If I try to think back, I don't think I thought then that we'd still be fighting for basic dignity and respect nine years later, at least not with respect to the particular issue of whether marriage should be for everyone.

We went to City Hall, in San Francisco, and helped same-sex couples get married! And I met [livejournal.com profile] ubiquity, who I hadn't expected to see at all despite having read her post where she said she was coming here this weekend, since at that point I didn't know I was also going! ([livejournal.com profile] karenbynight and [livejournal.com profile] yakkette apparently got turned away due to an excess of volunteers, and [livejournal.com profile] wkfauna -- wisely given the former -- decided not to make the trek up. And I must thank [livejournal.com profile] wintersweet, who was there on Saturday to perform ceremonies, for passing along the information so that I could be there in the first place!)
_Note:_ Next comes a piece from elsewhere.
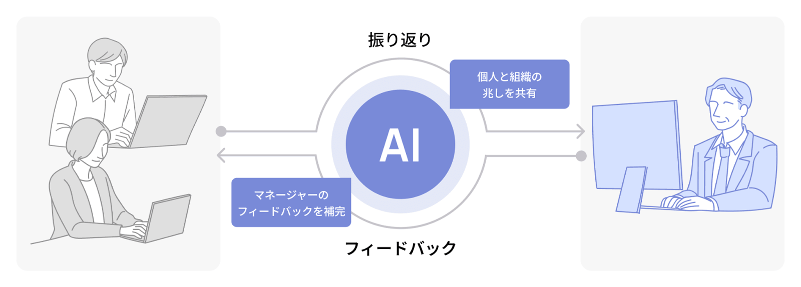 組織全体の振り返り分析では、後述する「兆し発見AI」を活用し、リフリフでの議論を支援します。

We'll display our Assessor-Record Volunteer nametags proudly in the house, though neither of us did much assessing or recording. We handed out donuts for the first few minutes -- if there's anything happier than handing out Krispy Kremes to people taking advantage of their first chance to get married, I don't know what. For the rest of the day we stationed ourselves along the line of people waiting and checked their license application forms for validity. This was surprisingly important, since many people don't understand the concept that when they say "the name on your ID has to match the name you put on the form *exactly*", they mean "don't put down 'John Jacob Jingleheimer Smith' when your license says 'John J. Smith'."

We also had to check that they'd received the booklet on "Your Future Together" that the state is legally required to hand out, and which mostly consists of information on pregnancy (not particularly relevant, since although same-sex couples might have kids, they probably wouldn't do it accidentally) and STDs (which unmarried same-sex couples presumably know more about than married different-sex couples). As one guy commented, "We've been together 24 years." And then there was the couple both of whom were named Kenneth and both of whom were over 60, of whom the older one couldn't remember what his occupation was (he'd put down "Retired" but they wanted the previous job in those cases), and the couple whose members had the same birthdays as David and I (not the same years), and the guy who had to ask his partner what his own occupation was because he forgot...

If I were ever inclined to believe that marriage was love, today would have been that moment. And it's somehow inconceivable to think of the people who will presumably be suing tomorrow in order to protect marriage by stripping 2500+ people of their marriage licenses. I wonder how many of them are just parroting lines they've been told and have never actually met a gay person and can therefore believe that they're all purple-furred monsters with horns, and how many of them actually could have stepped inside City Hall today, watched and listened to what was going on for five minutes, and still believe that letting (mostly) normal-looking people with kids and jobs and dogs get married was a threat to Western civilization. In the first case, I can understand how it's easy to unthinkingly absorb stereotypes. I just can't possibly imagine what it's like to be inside the mind of the second kind of person, any more than I can imagine what it's like to be a jellyfish or a doorknob.

But at least for five days, love won out over hate in San Francisco, and I'm glad to have been there to see part of it.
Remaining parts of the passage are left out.